▶ DATASET CONTENT:
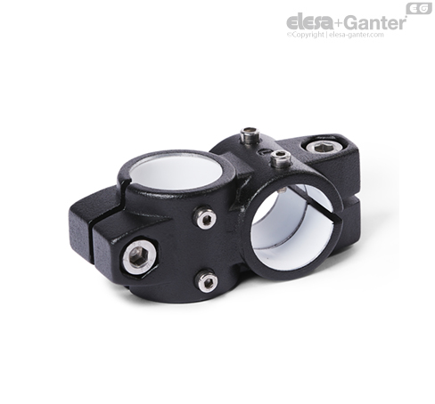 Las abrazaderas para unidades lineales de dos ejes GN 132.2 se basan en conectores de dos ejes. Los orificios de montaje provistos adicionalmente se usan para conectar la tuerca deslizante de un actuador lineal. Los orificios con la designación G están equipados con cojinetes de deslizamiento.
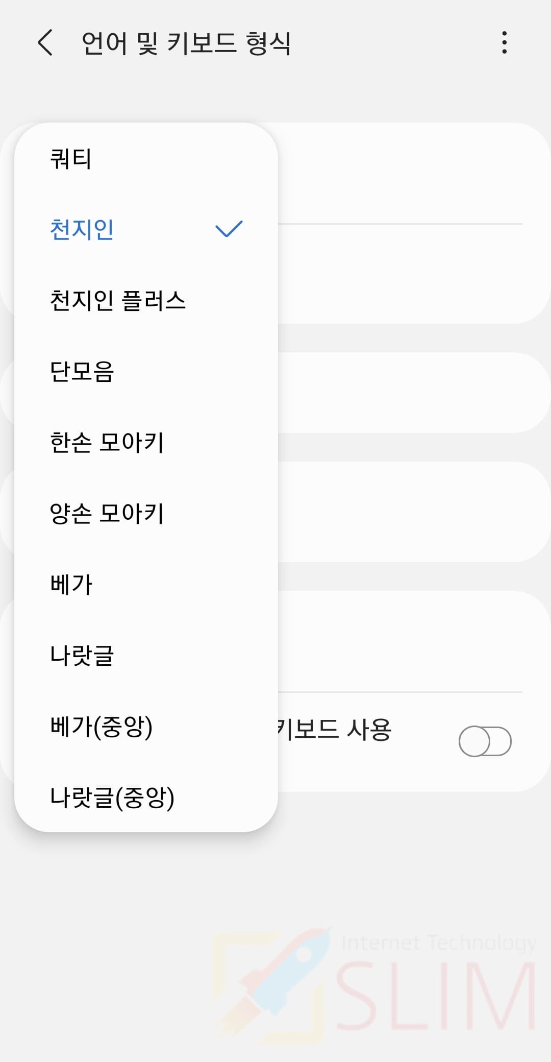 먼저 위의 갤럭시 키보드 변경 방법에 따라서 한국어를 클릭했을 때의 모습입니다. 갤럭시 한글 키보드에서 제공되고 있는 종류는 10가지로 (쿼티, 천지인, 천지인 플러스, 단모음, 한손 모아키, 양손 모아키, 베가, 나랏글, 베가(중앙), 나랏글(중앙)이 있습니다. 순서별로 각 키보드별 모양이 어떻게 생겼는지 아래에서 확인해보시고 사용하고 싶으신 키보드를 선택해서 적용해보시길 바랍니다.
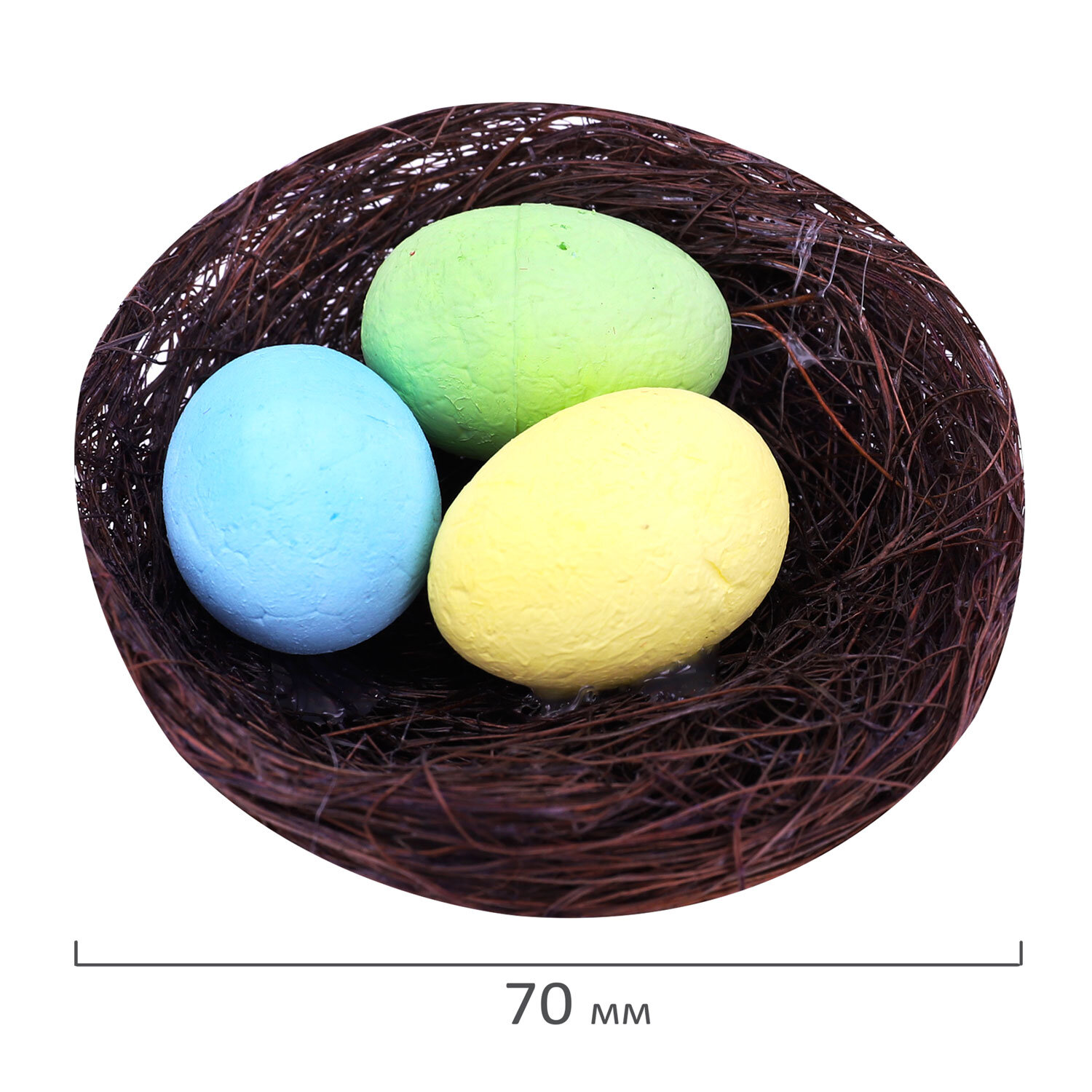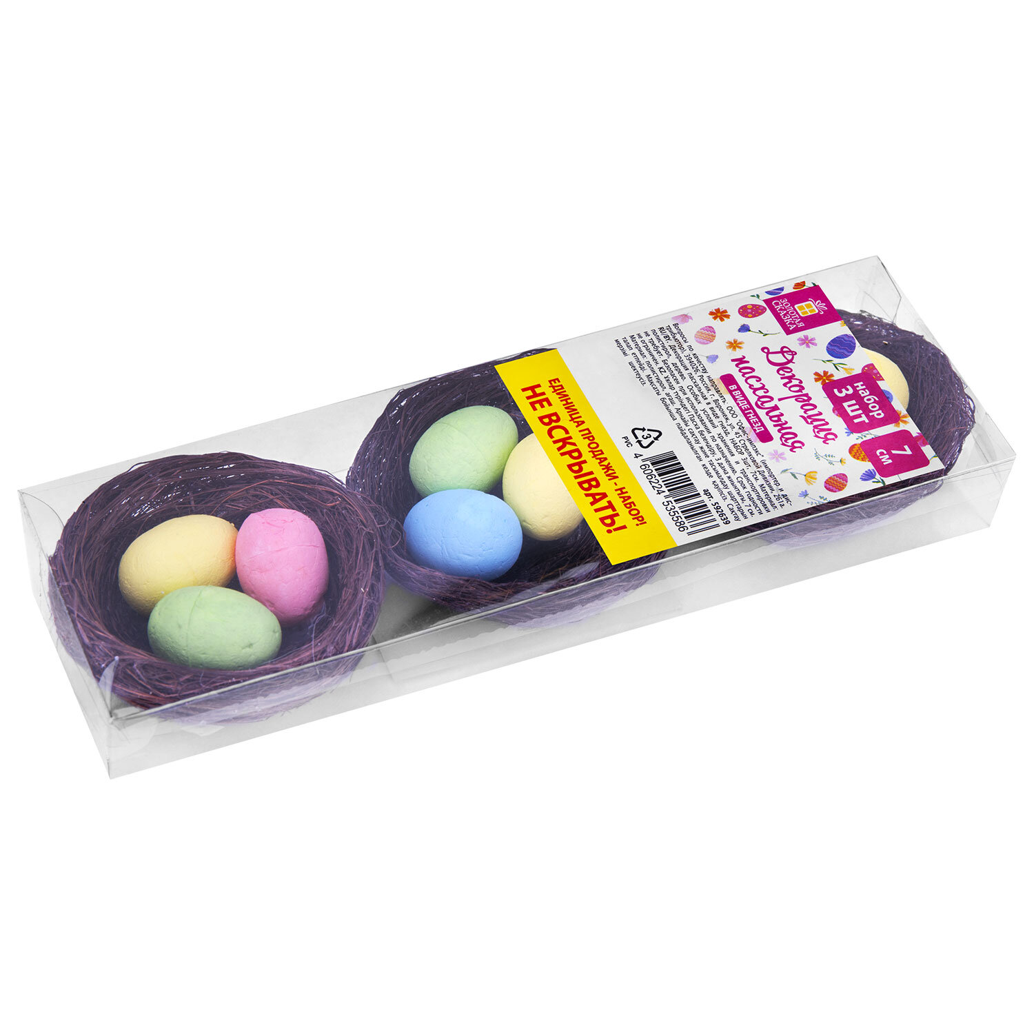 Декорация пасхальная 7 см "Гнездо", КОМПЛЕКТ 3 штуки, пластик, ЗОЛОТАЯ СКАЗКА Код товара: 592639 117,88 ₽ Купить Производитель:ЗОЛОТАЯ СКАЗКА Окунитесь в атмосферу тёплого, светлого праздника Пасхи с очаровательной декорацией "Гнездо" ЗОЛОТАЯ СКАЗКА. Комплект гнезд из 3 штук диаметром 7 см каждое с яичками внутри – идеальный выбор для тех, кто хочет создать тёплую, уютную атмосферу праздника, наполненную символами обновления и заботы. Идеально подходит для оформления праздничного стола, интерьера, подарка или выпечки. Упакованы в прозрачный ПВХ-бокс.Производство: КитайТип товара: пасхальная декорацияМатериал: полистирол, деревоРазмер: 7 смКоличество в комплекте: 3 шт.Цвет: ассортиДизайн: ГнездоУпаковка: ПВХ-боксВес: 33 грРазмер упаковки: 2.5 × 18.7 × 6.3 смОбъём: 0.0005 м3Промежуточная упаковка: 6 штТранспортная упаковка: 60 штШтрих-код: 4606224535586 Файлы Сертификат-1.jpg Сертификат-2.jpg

...

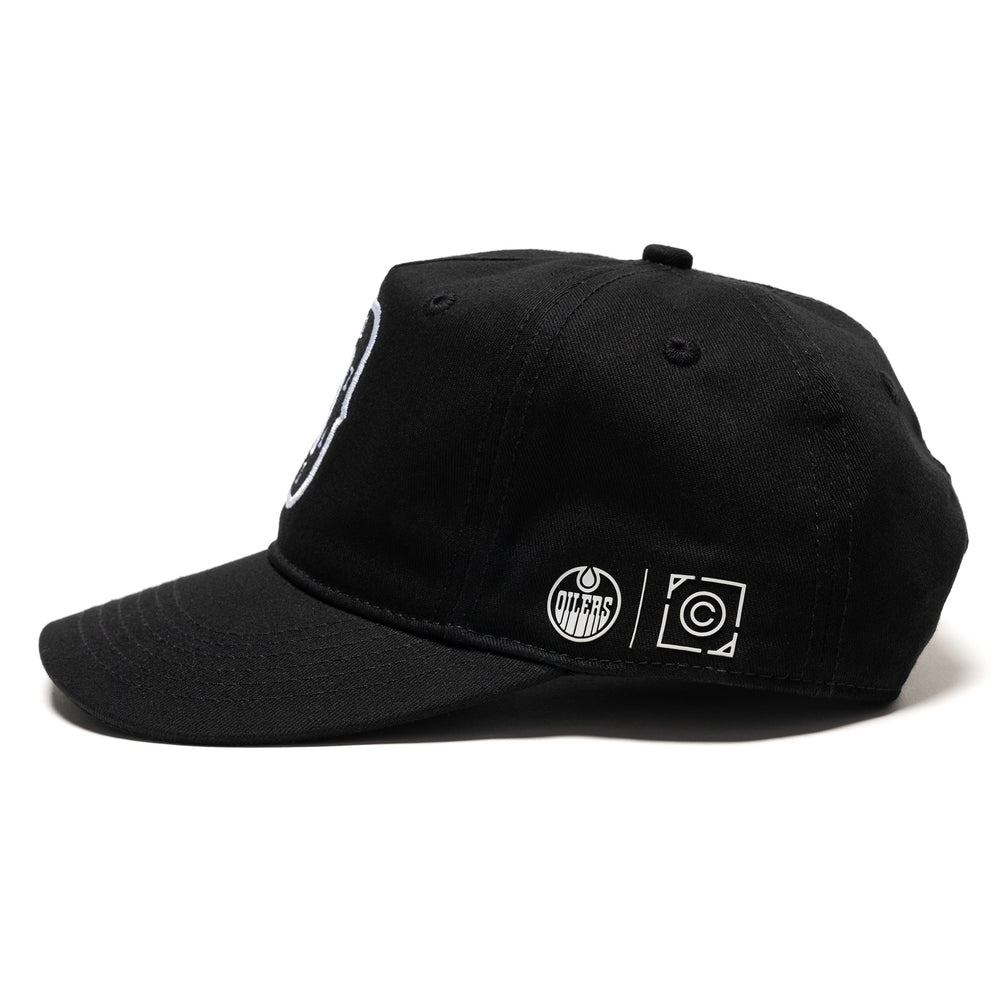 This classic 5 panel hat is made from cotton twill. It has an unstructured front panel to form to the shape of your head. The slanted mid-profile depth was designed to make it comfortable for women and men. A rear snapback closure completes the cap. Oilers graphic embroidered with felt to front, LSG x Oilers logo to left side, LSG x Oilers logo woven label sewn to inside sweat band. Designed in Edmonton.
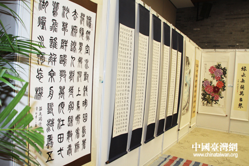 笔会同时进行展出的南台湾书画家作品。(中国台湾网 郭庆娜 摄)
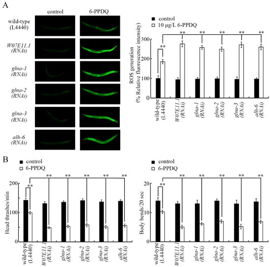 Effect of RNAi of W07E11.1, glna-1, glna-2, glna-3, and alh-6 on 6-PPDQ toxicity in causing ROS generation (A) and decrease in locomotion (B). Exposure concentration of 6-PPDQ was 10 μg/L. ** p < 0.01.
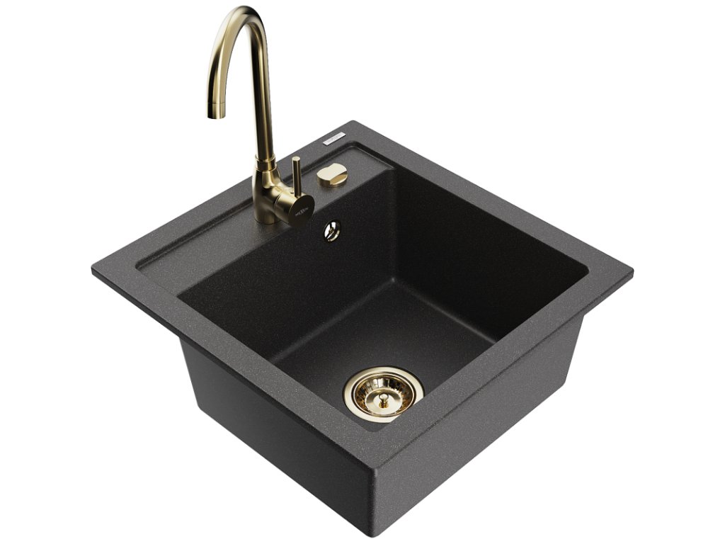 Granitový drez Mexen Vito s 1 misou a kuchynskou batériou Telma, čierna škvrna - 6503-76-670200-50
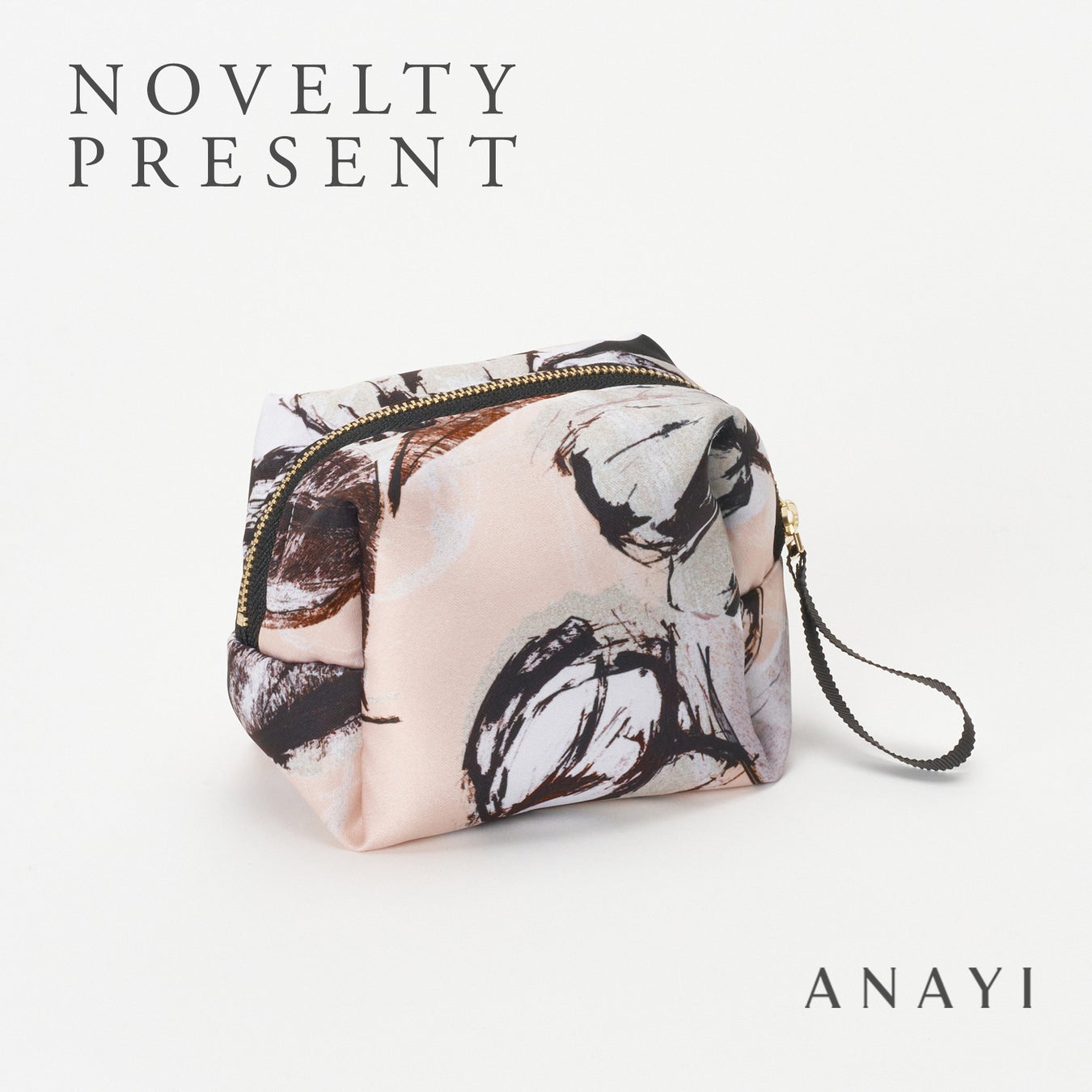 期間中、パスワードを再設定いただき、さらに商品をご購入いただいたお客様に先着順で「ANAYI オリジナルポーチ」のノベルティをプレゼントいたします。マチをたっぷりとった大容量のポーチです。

* * *

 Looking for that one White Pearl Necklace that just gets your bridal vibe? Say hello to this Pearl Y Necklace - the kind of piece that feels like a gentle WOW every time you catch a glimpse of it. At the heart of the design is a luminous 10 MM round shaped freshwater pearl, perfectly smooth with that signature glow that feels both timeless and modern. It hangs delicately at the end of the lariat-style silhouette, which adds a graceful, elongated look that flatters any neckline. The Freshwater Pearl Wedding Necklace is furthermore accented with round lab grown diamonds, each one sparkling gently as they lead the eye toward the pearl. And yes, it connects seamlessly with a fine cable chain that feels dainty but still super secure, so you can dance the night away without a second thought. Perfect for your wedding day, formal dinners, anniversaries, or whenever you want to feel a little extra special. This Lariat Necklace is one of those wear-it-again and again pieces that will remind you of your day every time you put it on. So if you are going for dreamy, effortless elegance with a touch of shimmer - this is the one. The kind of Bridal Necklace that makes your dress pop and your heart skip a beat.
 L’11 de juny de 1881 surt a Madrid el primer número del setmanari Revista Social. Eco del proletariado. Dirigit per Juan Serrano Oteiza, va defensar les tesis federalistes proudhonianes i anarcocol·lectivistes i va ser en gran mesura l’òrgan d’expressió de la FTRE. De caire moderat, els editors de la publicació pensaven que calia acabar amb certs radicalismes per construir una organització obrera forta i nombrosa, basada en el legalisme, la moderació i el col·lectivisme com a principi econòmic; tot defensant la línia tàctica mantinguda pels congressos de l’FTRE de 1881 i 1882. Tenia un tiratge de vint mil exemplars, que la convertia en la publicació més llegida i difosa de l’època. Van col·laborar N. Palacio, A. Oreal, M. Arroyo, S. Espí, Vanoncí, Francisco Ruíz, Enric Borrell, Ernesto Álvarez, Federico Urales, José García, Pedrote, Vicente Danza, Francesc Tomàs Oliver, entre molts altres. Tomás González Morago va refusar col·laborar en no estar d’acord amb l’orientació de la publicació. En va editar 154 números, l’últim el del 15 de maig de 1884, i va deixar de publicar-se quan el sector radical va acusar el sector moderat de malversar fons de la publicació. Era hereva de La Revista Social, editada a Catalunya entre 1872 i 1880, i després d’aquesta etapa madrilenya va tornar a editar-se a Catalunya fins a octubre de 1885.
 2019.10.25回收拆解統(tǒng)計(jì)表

▶ TO DO: From the material above, give again exactly the lines from the one that contains "笔会同时进行展出的南台湾书画家作品。(中国台湾网 郭庆娜 摄)" through the one that contains "期間中、パスワードを再設定い", and leave out the pictures.

▶ RESULT FOR THIS EXERCISE:
 笔会同时进行展出的南台湾书画家作品。(中国台湾网 郭庆娜 摄)
 Effect of RNAi of W07E11.1, glna-1, glna-2, glna-3, and alh-6 on 6-PPDQ toxicity in causing ROS generation (A) and decrease in locomotion (B). Exposure concentration of 6-PPDQ was 10 μg/L. ** p < 0.01.
 Granitový drez Mexen Vito s 1 misou a kuchynskou batériou Telma, čierna škvrna - 6503-76-670200-50
 期間中、パスワードを再設定いただき、さらに商品をご購入いただいたお客様に先着順で「ANAYI オリジナルポーチ」のノベルティをプレゼントいたします。マチをたっぷりとった大容量のポーチです。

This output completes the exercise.